Как правило, пациенты заранее чувствовали крайнюю степень тревожности, и она находила вполне логичное объяснение в идее глобального заговора. Уверенные в том, что всеобщее внимание направлено только на них, что за ними наблюдает невидимая публика, эти пациенты не чувствовали ничего странного в причинах этой тревожности.
В случае Сэмми Диоре расстройство вышло за пределы мнимого спектакля: патология питалась конкретными воспоминаниями и, очевидно, детскими травмами.

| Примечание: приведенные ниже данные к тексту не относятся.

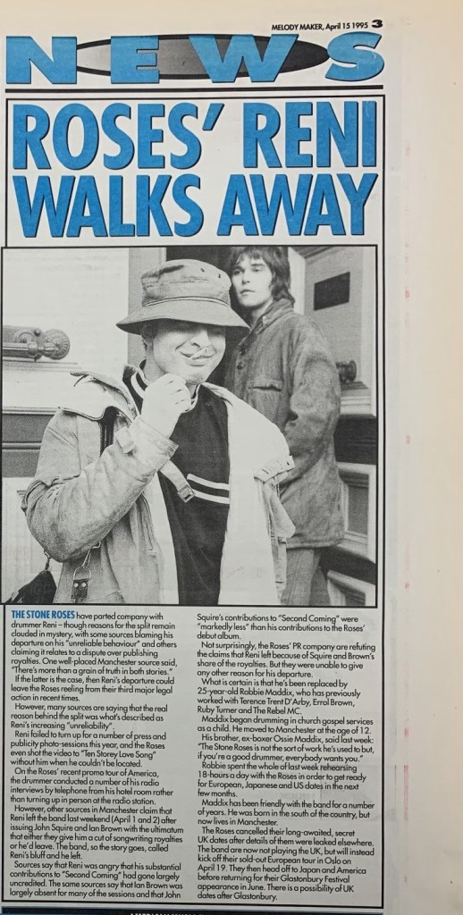 Then in March, Reni left The Stone Roses. They were our favourite band and we had also put them on at The Buzz Club.
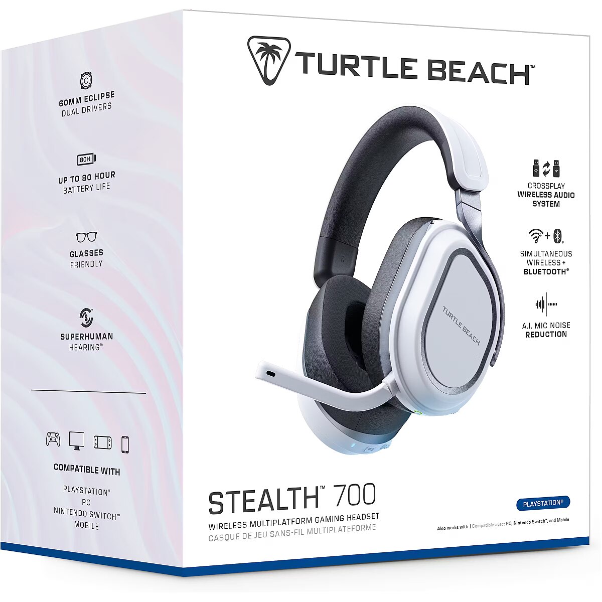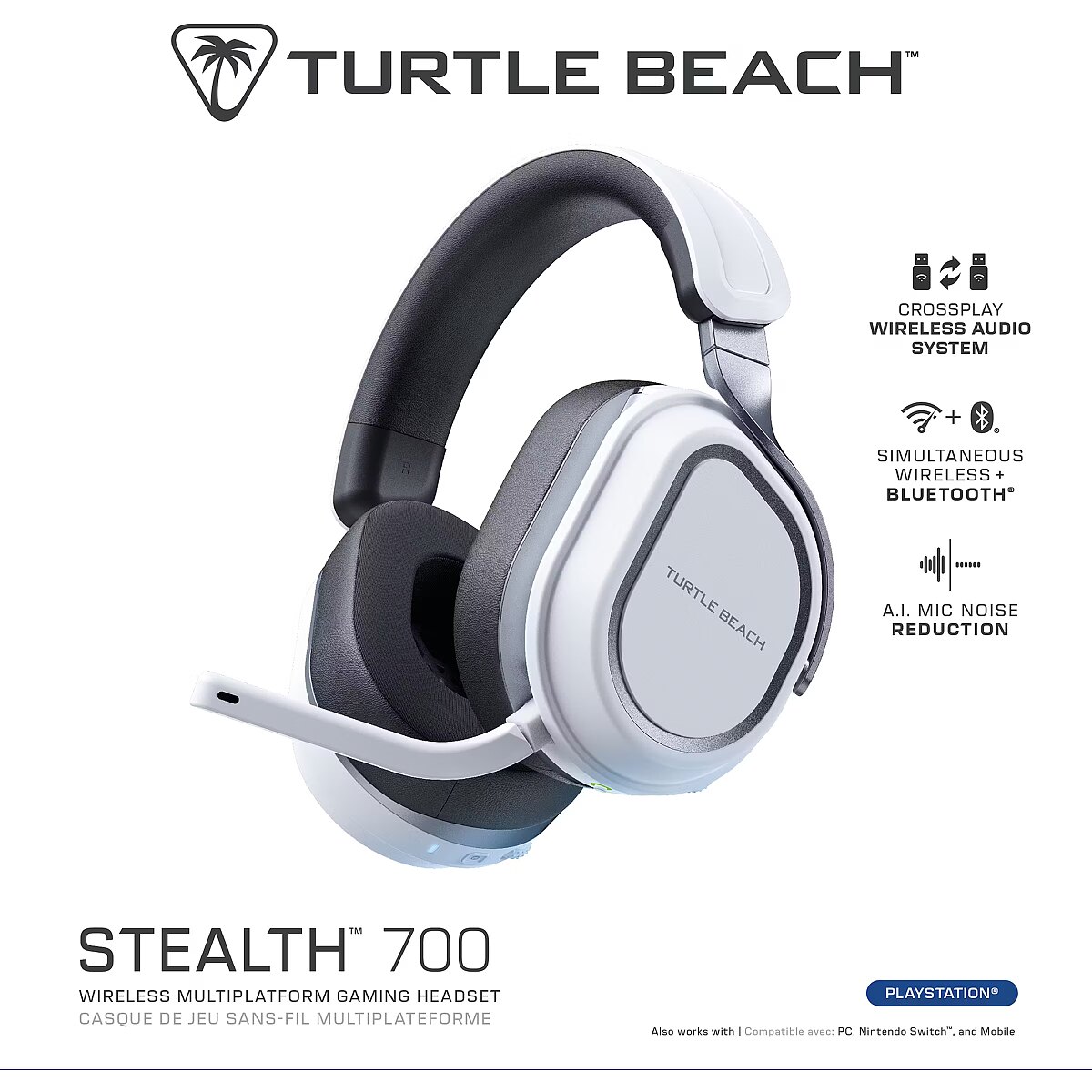 The Turtle Beach® Stealth™ 700 wireless multiplatform gaming headset delivers unmatched audio & mic quality for PlayStation®, PC, Steam Deck™ and mobile. CrossPlay Multiplatform Wireless Audio System​

В самых тяжелых случаях синдрома пациент думал, что его разум и тело находятся под контролем сверхразвитых технологий, часто в процессе разработки. В окружении гаджетов он начинал воспринимать себя гаджетом, управляемым на расстоянии некой невидимой недоброжелательной инстанцией. Пациент был способен даже слышать голоса, которые, как он полагал, транслировались прямо в его мозг, а воспоминания воспринимались как встроенные без его ведома картинки. Тогда больной был уверен, что абсолютно все его органы управлялись этой силой.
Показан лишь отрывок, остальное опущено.